This is how people die in Kim Jong-un’s ‘gulag’: new shocking report

A long list of abominations. Extrajudicial killings, rapes, forced abortions, arrests without trial, torture, hunger rations that force prisoners to even eat insects. These are just some of the common abuses in North Korean prisons and other North Korean detention facilities, according to former detainees whose statements form the basis of a new report released this week by a human rights monitor.

The most detailed report ever on North Korean prisons

Thanks to the analysis of official documents, satellite images, digital models of prison facilities, as well as interviews with hundreds of survivors, witnesses and abusers who fled the country, the non-profit NGO Korea Future he constructed what he claims is the most detailed picture currently available of life in the nation’s prison system.

“The purpose of our report is mainly to uncover human rights violations that occur in North Korea’s penal systems.

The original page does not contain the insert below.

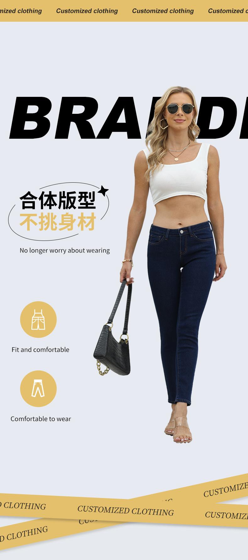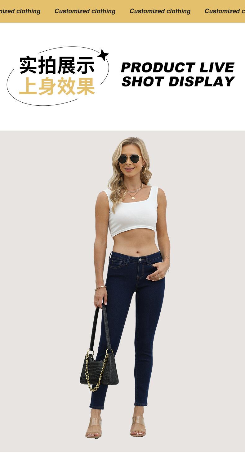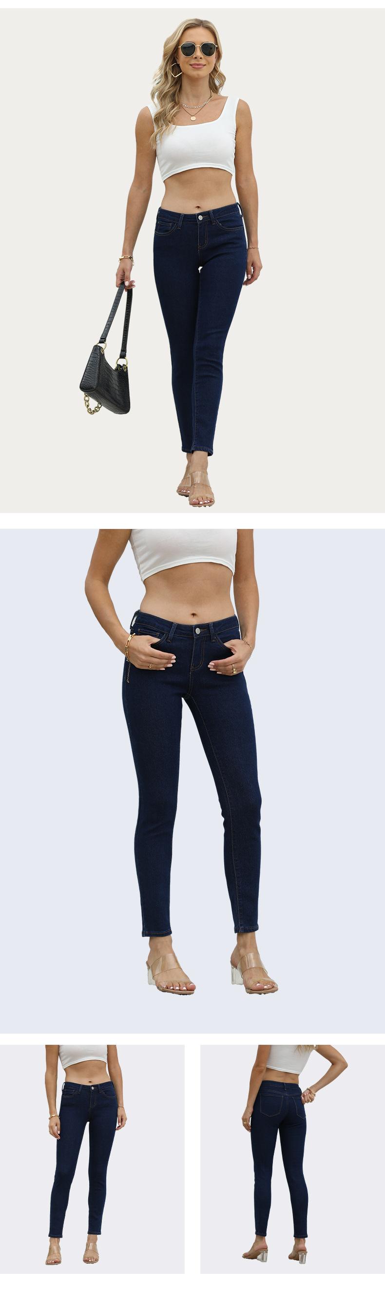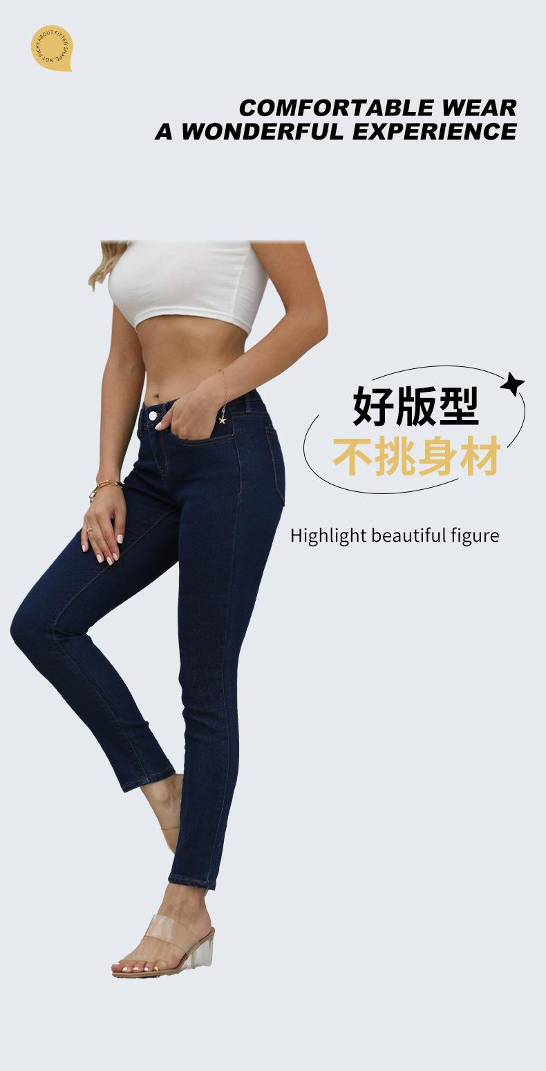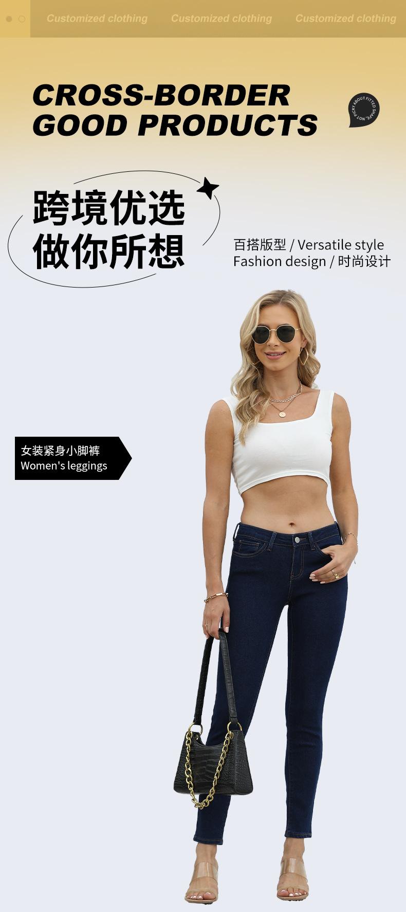 En stock, pantalones vaqueros ajustados de color liso para mujer de Europa y América. Venta al por mayor en Amazon, pantalones vaqueros ajustados de cintura alta para mujer de Europa y América.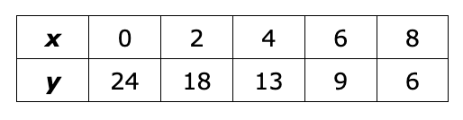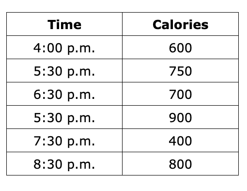 Susan recorded the time she ate dinner and the number of calories she consumed during dinner for six consecutive days. The results are shown in the table.

It draws attention to the fact that there are still systematic and widespread human rights violations, 10 years after the United Nations’ Commission of Inquiry was established. Kim Jiwon, a researcher, said . Korea FutureFocusing on human rights issues in North Korea, with offices in London, Seoul and The Hague.

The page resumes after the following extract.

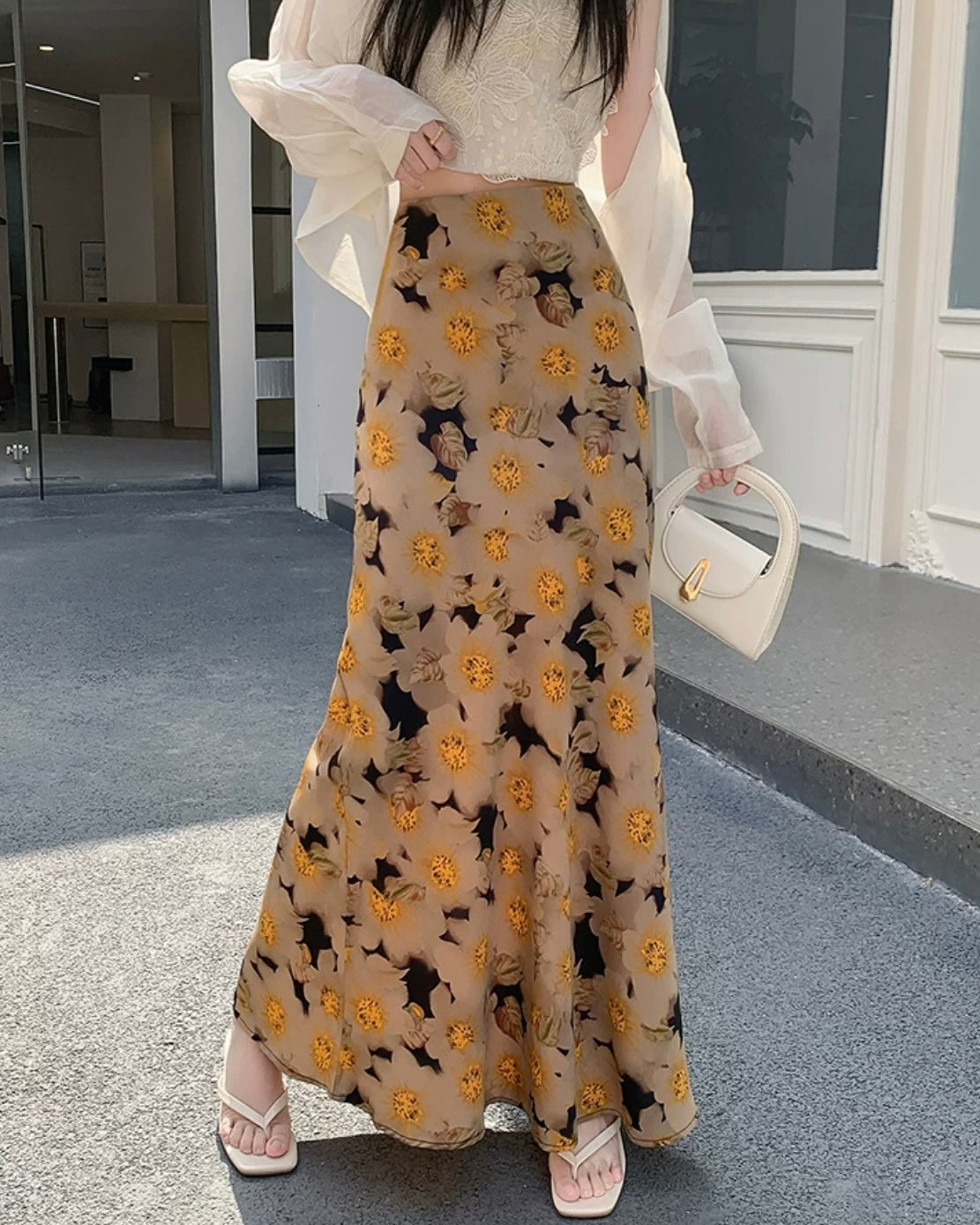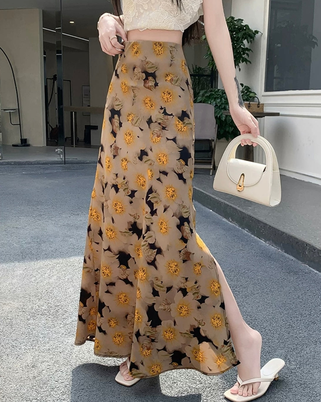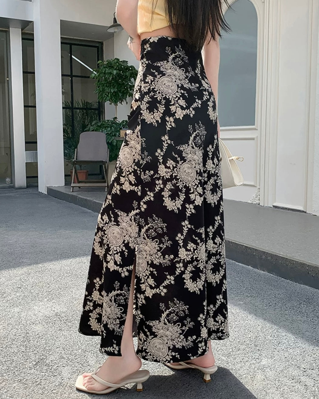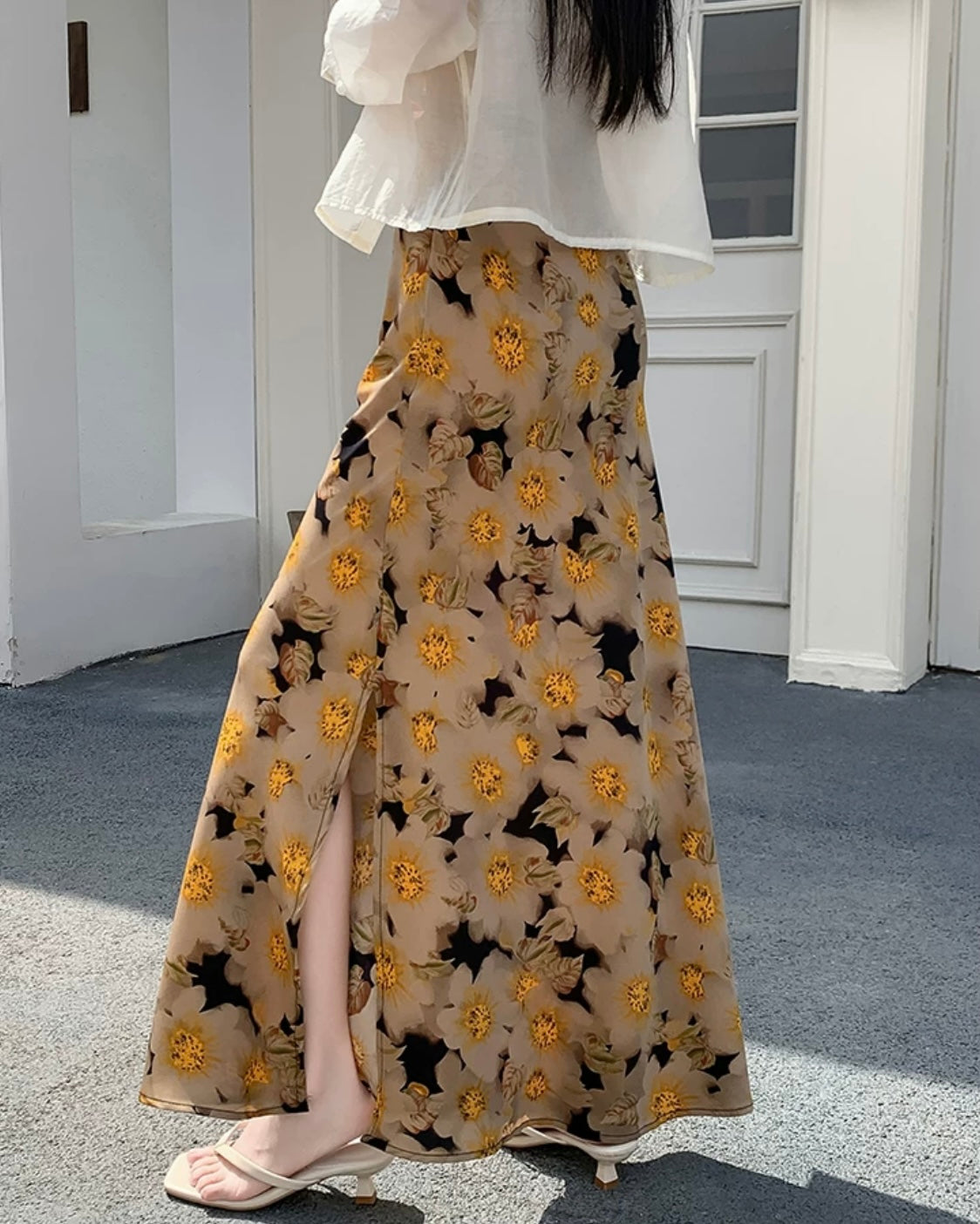 ハイウエストデザインでスタイルアップも叶えつつ、大柄が華やかで目を惹くデザイン。

The group has documented more than 1,000 cases of torture and cruel, inhuman or degrading treatment, hundreds of cases of rape and other sexual violence, and more than 100 denials of the right to life.

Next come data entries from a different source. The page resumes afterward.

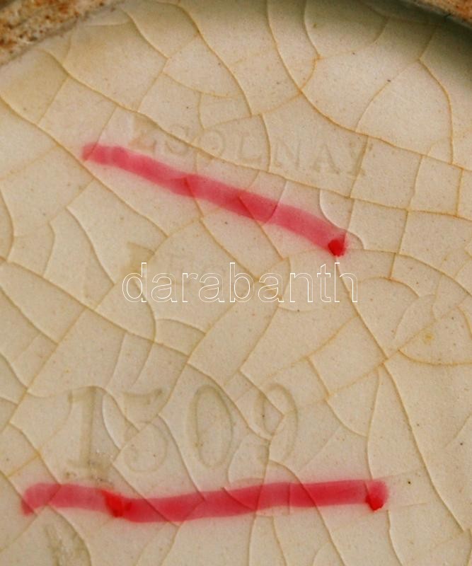 Zsolnay 1882-1885-ben készült mázas kerámia váza, jelzett (mélynyomáso... https://www.darabanth.com/de/218-Fernauktion/218.0/Andere-Sammelgebiete/Andere-Porzellan-und-Glasswaren~200041/Zsolnay-1882-1885-ben-keszult-mazas-keramia-vaza-jelzett-melynyomasos-apro-lepattanassa~II921222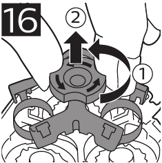- Turn the lock anticlockwise (1) and remove the retaining frame (Fig. 16) (2). Place it aside in a safe place.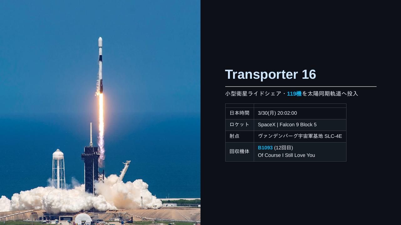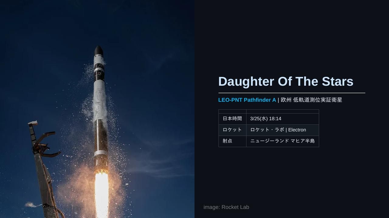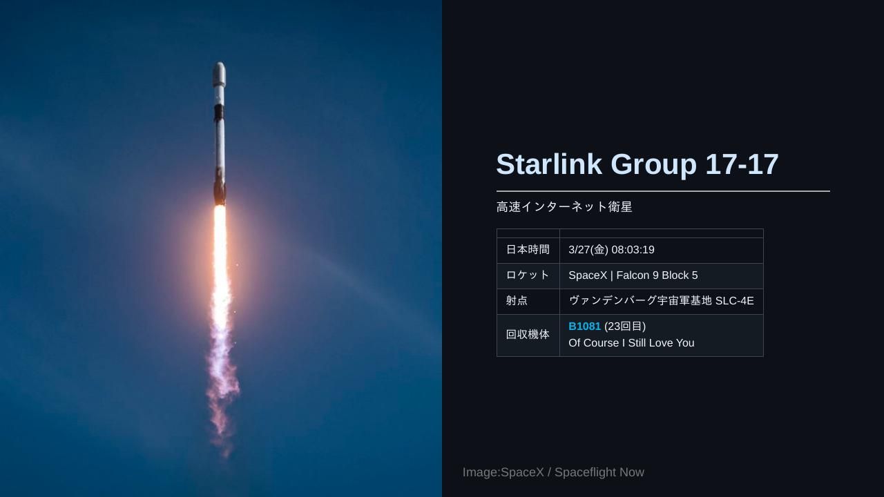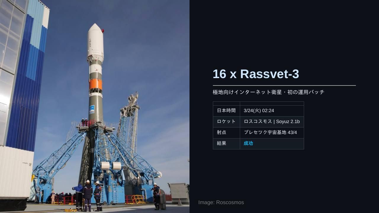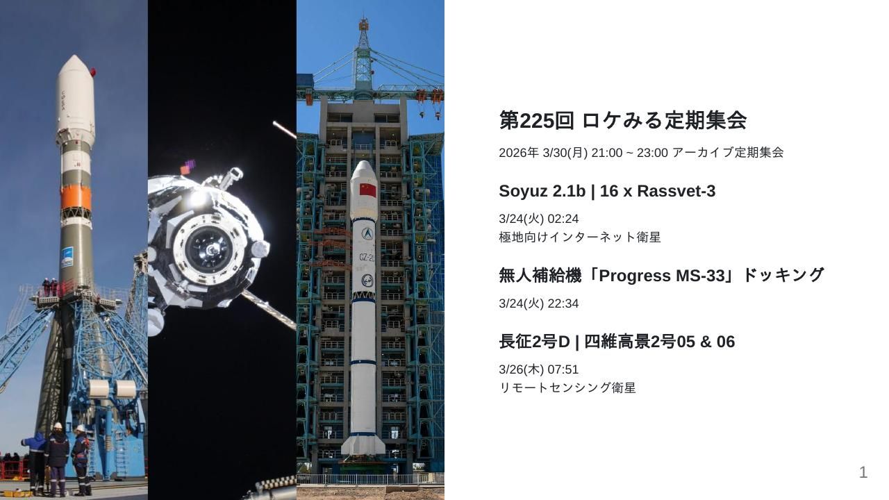 | ミッション | 日本時間 3/24(火) 02:24 Soyuz 2.1b | 16 x Rassvet-3日本時間 3/24(火) 22:00 Ignition: NASA's Plan for The Moon日本時間 3/24(火) 22:34 無人補給機「Progress MS-33」ドッキング日本時間 3/25(水) 02:00 Ignition: NASA's Plan for Science and Discovery日本時間 3/25(水) 05:45 Ignition: NASA News Conference日本時間 3/26(木) 07:51 長征2号D | 四維高景2号05 & 06日本時間 3/27(金) 08:03:19 Falcon 9 Block 5 | Starlink Group 17-17日本時間 3/27(金) 13:11 長征2号C/YZ-1S | 試験33号日本時間 3/28(土) 18:14 Electron | Daughter Of The Stars (LEO-PNT Pathfinder A)日本時間 3/30(月) 00:30 Artemis II Crew Q&A from Quarantine日本時間 3/30(月) 03:00 Artemis II L-3 Countdown Status News Conference日本時間 3/29(日) 以降 RV-X Flight test日本時間 3/30(月) 20:00 力箭2号 | 軽舟試作機日本時間 3/30(月) 20:02:00 Falcon 9 Block 5 | Transporter 16 (Dedicated SSO Rideshare) |

“Comparable to the Soviet Gulag”

North Korea’s penal system, “similar to the Soviet Gulag,” is “not aimed at detaining and rehabilitating persons convicted by courts in safe and humane facilities. Nor is it aimed at reducing the likelihood of recidivism and increasing public safety.” report. “To isolate people from society whose behavior conflicts with the maintenance of Supreme leader Kim Jong Un’s authority.”

The report states that hundreds of people who claim to have participated in the violence have been identified, and calls for these violations to be investigated and prosecuted. Korea Future used testimony and satellite imagery to map 206 detention centers in each of North Korea’s provinces, claiming that violations were personally perpetrated by high-ranking officials such as major generals.

The most dramatic stories

Among the highlighted cases are the cases of three people detained after attempting to cross the border, which is a punishable offense in this country. The group claims, among other things, that a woman was forced into an abortion when she was seven or eight months pregnant; one of the detainees was fed only 80 grams of corn per day, a starvation diet that saw his weight drop from 60 to 37 kilograms per month, forcing him to supplement his diet with cockroaches and rodents; a third man was forced to stay in a stress position for up to 17 hours a day for 30 days.

Other survivors who spoke to CNN said they survived by eating animal food and weakening skeletally, witnessing rapes and suffering severe beatings.